Die Seite 3

Blindes Vertrauen?

Dr. Armin Edalat, Chefredakteur der DAZ

Bei Rot, da steh! Bei Grün, da geh! – wahrscheinlich ist es die erste und wichtigste Verkehrsregel, die man im Leben lernt. Unser Vertrauen in die Ampelfarben ist so groß, dass wir meistens keine weiteren Informationen benötigen. Mit Rot, Gelb oder Grün lassen sich daher auch komplexe Sachverhalte und Fragestellungen anschaulich beantworten.

Im Nachgang zum Deutschen Apothekertag 2014 wurde anlässlich eines Antrags zur Aufarbeitung der Evidenz von OTC-Arzneimitteln die Idee einer „OTC-Ampel“ geboren. Zwar war das überhaupt nicht die Intention der Antragsteller, doch beim geforderten Informationssystem, das die evidenzbasierte Beratung der Patienten schnell und unabhängig unterstützen soll, lag diese Assoziation für so manch einen nahe.
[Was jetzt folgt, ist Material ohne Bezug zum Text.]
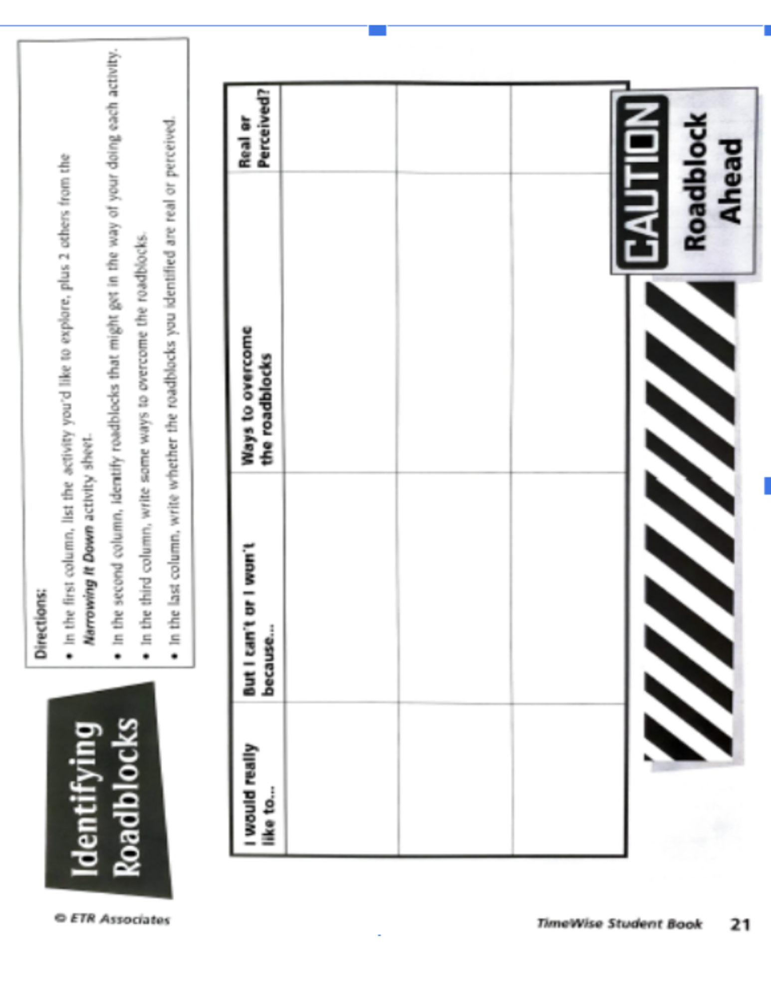 - Complete Identifying Roadblocks Worksheet and Discuss Real and Perceived Roadblocks

Wie praktisch es doch wäre, auf einen Blick zu sehen, welches rezeptfreie Arzneimittel für die jeweilige Indikation die höchste Evidenz aufweist, dachten sich die Befürworter. Kritiker warnten hingegen vor einer „Listenmedizin“, bei der die Auswahl an Arzneimitteln bereits im Vorhinein eingeschränkt und bewertet wäre. Auch stellte sich die Frage, welche Institution langfristig über die Expertise, Unabhängigkeit und personellen Ressourcen verfüge, um diese Daten zu generieren und der Apothekerschaft bereitzustellen.

In den folgenden Jahren entwickelte sich eine lebhafte Diskussion über das Für und Wider einer evidenzbasierten Pharmazie. Einigkeit bestand darin, dass die Beratung von Patienten stets individuell und auf Basis der besten Wissens- und Datenquellen erfolgen sollte, aber nicht, in welcher Form Hilfestellungen und Bewertungen für die Praxis gegeben werden.
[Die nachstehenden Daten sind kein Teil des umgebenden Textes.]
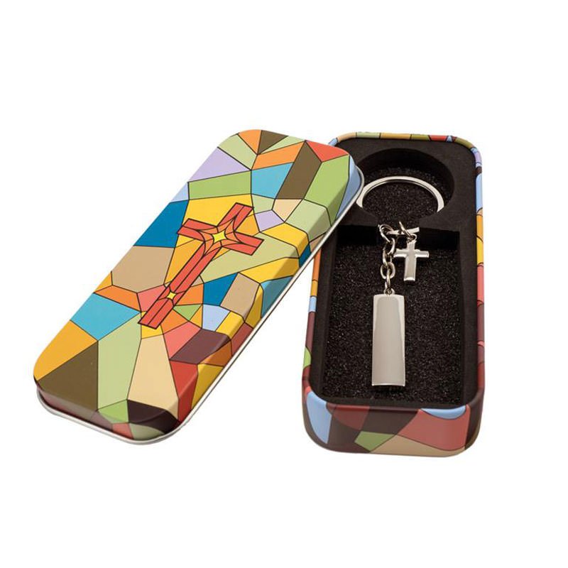Elegante llavero con cruz realizado en metal de excepcional calidad, presentado en una lata decorada.

Mittlerweile gibt es „EVInews“, einen Newsletter herausgegeben von der ABDA, der seine Abonnenten über ausgewählte Therapien oder den Umgang mit klinischen Studien informiert. Die damaligen Antragsteller sehen ihre Erwartungen nur unzureichend erfüllt. Tatsächlich gleicht der Newsletter in seiner aktuellen Form eher einem Fortbildungsangebot als einem nützlichen Werkzeug für das Beratungsgespräch.

Es steht außer Frage, dass sich die Auswahl einer geeigneten Selbstmedikation nicht anhand einer „OTC-Ampel“ treffen lässt. Viel zu groß wäre die Gefahr, dass man der jeweiligen Ampelfarbe blind vertraut und die eigene kritische Bewertung vernachlässigt. Für eine evidenzbasierte Beratung sind auch immer die Erfahrungen des Apothekers und die Bedürfnisse der Patienten zu beachten. Doch wie können diese Anforderungen im hektischen Apothekenalltag umgesetzt werden? Ein Patentrezept existiert noch nicht, dafür aber Vorschläge und Lösungsansätze. Marburger Pharmazeuten haben beispielsweise eine Webanwendung entwickelt, die hier unterstützen kann. Dabei stellt die Ampelfarbe keine Empfehlung dar, sondern signalisiert, welches Vertrauen man in die jeweiligen Daten haben darf („Evidenz auf einen Klick“, S. 52 dieser DAZ).

Dies verdeutlicht einmal mehr, dass für eine abschließende Beurteilung die Apothekerinnen und Apotheker unverzichtbar sind. Und dieses Wissen lässt sich keinesfalls in ein 700 Seiten umfassendes Nachschlagewerk pressen, herausgegeben von der Stiftung Warentest, mit vielen Ampeln und der Absicht, die Patienten in dieser Informationsflut alleine zu lassen.